- Exercise -
Any pictures in the records below must be left out when you repeat the lines from the line containing "14K Yellow Gold" through the line containing "校庭でソフトボールです。" exactly.

- Raw data -
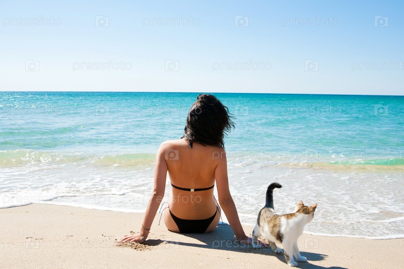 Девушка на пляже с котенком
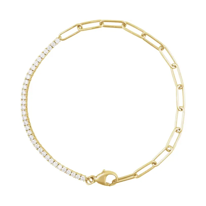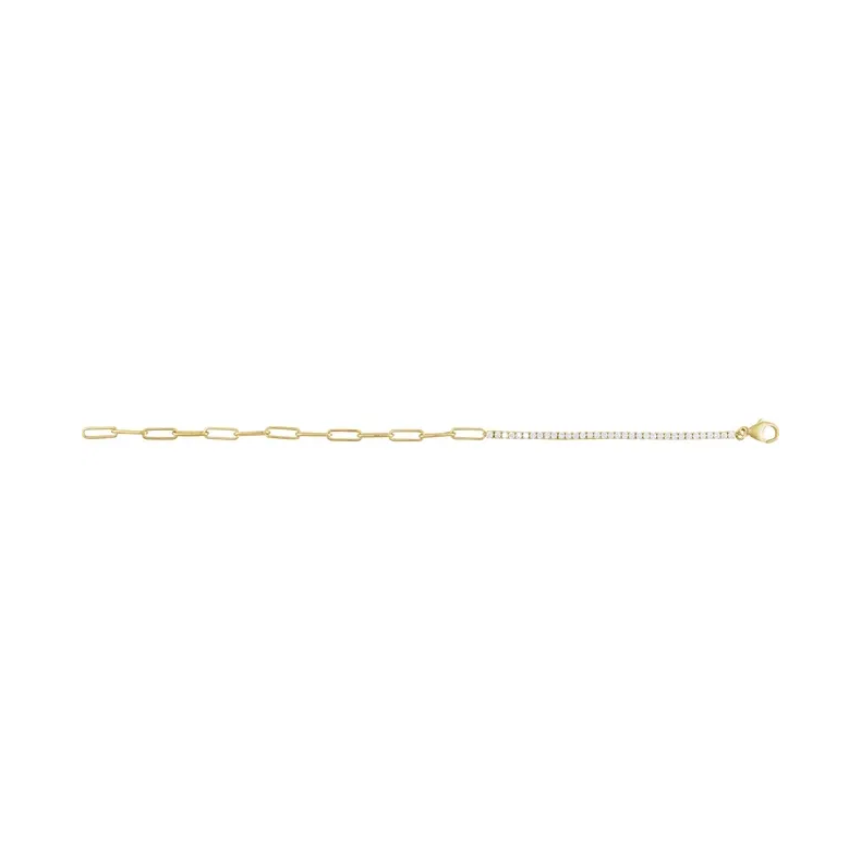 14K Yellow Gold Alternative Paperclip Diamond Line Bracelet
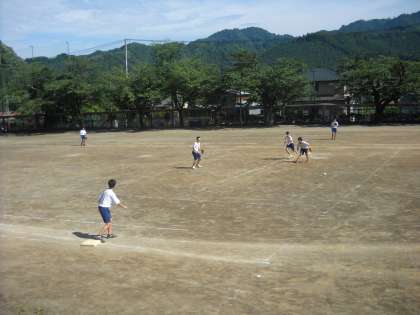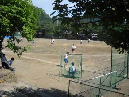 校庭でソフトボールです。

...

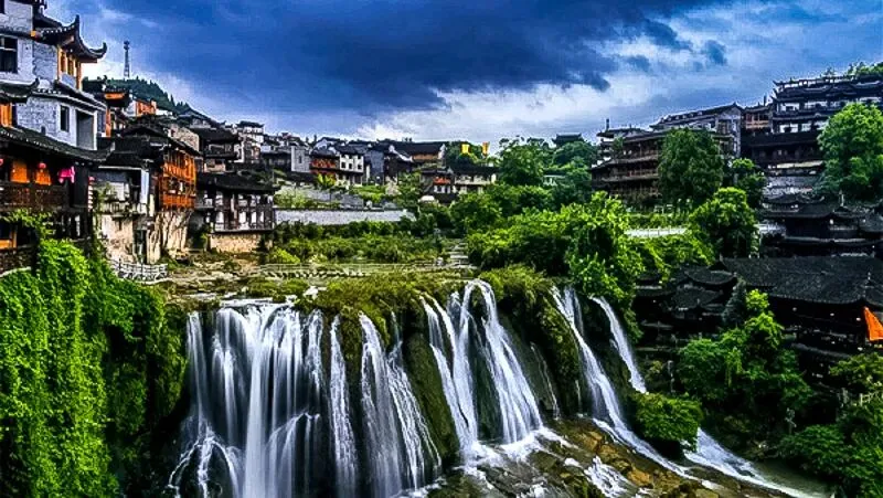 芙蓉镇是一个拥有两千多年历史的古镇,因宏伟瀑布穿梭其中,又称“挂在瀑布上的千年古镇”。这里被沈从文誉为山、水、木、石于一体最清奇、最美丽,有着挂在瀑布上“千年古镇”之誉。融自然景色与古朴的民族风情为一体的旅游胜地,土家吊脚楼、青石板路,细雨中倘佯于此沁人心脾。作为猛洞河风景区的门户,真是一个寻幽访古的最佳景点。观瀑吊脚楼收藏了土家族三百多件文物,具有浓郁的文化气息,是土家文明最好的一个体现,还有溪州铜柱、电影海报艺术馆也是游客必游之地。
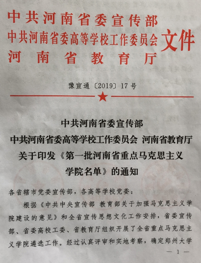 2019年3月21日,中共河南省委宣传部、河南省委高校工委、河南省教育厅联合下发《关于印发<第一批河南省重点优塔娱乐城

- Expected output -
 14K Yellow Gold Alternative Paperclip Diamond Line Bracelet
 校庭でソフトボールです。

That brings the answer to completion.